_EXERCISE DATA_:
_____

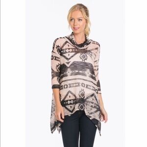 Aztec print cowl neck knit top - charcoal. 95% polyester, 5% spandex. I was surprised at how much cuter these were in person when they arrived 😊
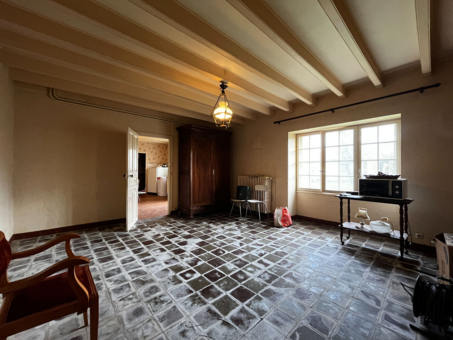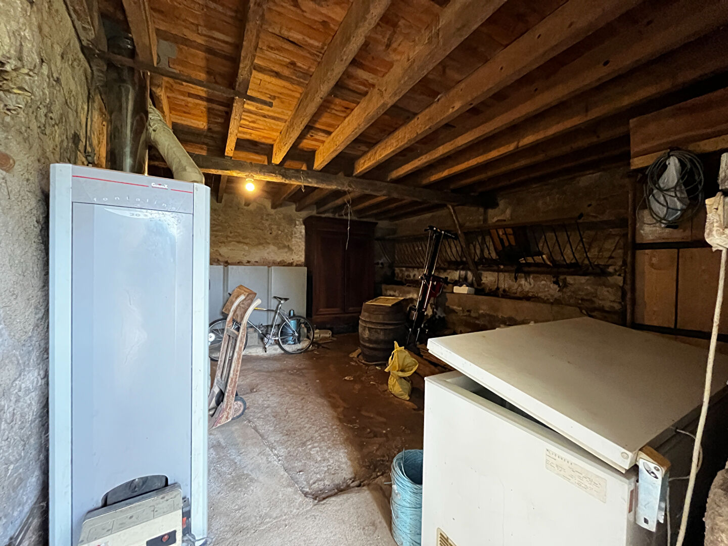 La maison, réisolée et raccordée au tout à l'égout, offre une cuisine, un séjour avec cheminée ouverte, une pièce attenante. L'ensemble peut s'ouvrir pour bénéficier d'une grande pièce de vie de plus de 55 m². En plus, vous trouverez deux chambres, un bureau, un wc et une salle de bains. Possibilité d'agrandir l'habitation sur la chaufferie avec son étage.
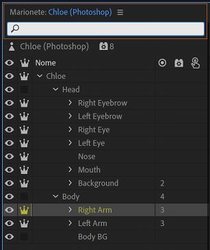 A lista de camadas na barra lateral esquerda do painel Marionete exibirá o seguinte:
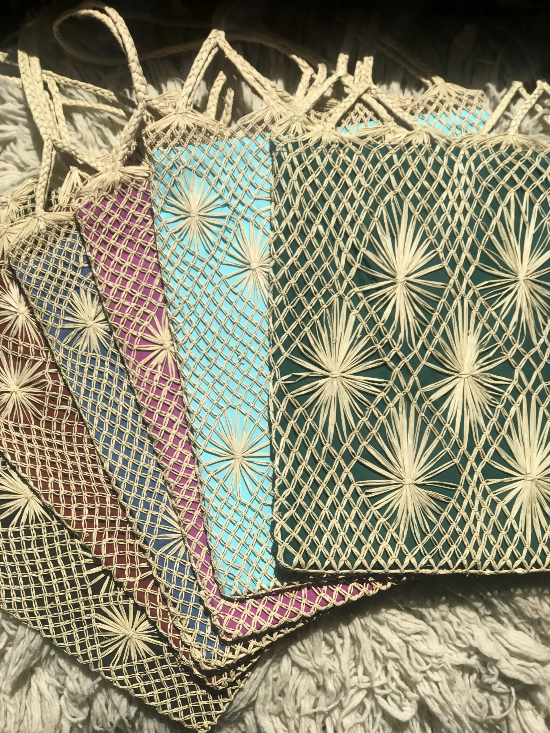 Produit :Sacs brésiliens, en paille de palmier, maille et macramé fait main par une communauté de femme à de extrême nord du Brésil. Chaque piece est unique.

_____

_EXERCISE INSTRUCTIONS_: Transcribe the listing above exactly, but only from the line with "La maison, réisolée" through the line with "A lista de camadas". Include both of those lines and omit the pictures.

_SOLUTION TO THE PROBLEM_:
 La maison, réisolée et raccordée au tout à l'égout, offre une cuisine, un séjour avec cheminée ouverte, une pièce attenante. L'ensemble peut s'ouvrir pour bénéficier d'une grande pièce de vie de plus de 55 m². En plus, vous trouverez deux chambres, un bureau, un wc et une salle de bains. Possibilité d'agrandir l'habitation sur la chaufferie avec son étage.
 A lista de camadas na barra lateral esquerda do painel Marionete exibirá o seguinte:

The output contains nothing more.